One Christmas tradition Congress could do without is the broken process of passing the annual Omnibus Spending Bill, which we recently did right before the holiday recess. Every December Congress fights and argues over spending and never seems to be able to pass the necessary appropriations until the very last minute. There is panic and threats of government shut downs and reduction in essential services. And they always threaten the essential services, as if there is no waste they could possibly eliminate instead.
This past December, right on cue the administration warned about dire civilian defense department layoffs if the money didn’t come soon. And so at the very last minute the Omnibus was rushed through in a whirlwind, just in time to save the day. Members of Congress had less than 24 hours to read the nearly 3,500 page bill before a vote was taken. The bill was supposedly much too important to waste time reading it. I feel differently. I feel the important bills are the ones we should take especial care to closely examine. However, we are led to believe that if the Omnibus bill failed, horrible things would have happened.
But the situation is a setup that ensures our government spending balloons every year just as the elites and special interests dictate. The vast majority of Members of Congress don’t actually know what the money is being spent on until after passage and by then it is too late. To address this flawed and corruptible process I have proposed a very simple change called the Sunlight Rule, which mandates that bills be presented to Congress and staff for review in their final form no less than 10 days before they come to the floor for a vote. This would allow the representatives of the American people time to read the bills before having to make a decision on them. Every now and then you hear criticisms of congressmen and women for not reading the bills.
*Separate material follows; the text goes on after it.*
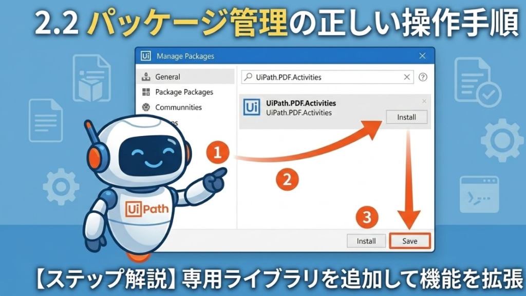 UiPath.PDF.Activitiesと入力します。 - インストールと保存:該当するパッケージが表示されたら「インストール」をクリックし、最後に「保存」を押して完了です。

That is a problem, however in cases like the Omnibus spending bills, a few hours is not nearly enough time to comb through and evaluate the hundreds of pages they contain. The rules do not currently specify any amount of time that must be allotted for Congress to read or deliberate any legislation before a vote. That needs to change. Congress should read the bills. But to do that requires an appropriate amount of time. More appropriately phrased, Congress should be ALLOWED to read the bills. And no member of Congress should, in good conscience, vote affirmatively on a bill they haven’t fully analyzed. I am hoping that in the New Year more of my colleagues will resolve to take a stand for honesty and due diligence in representing the people of this country and that we can enact the Sunlight Rule. With it, we will be a wiser, more open Congress and our decisions in Washington will be more deliberative and fully informed as they ought to be.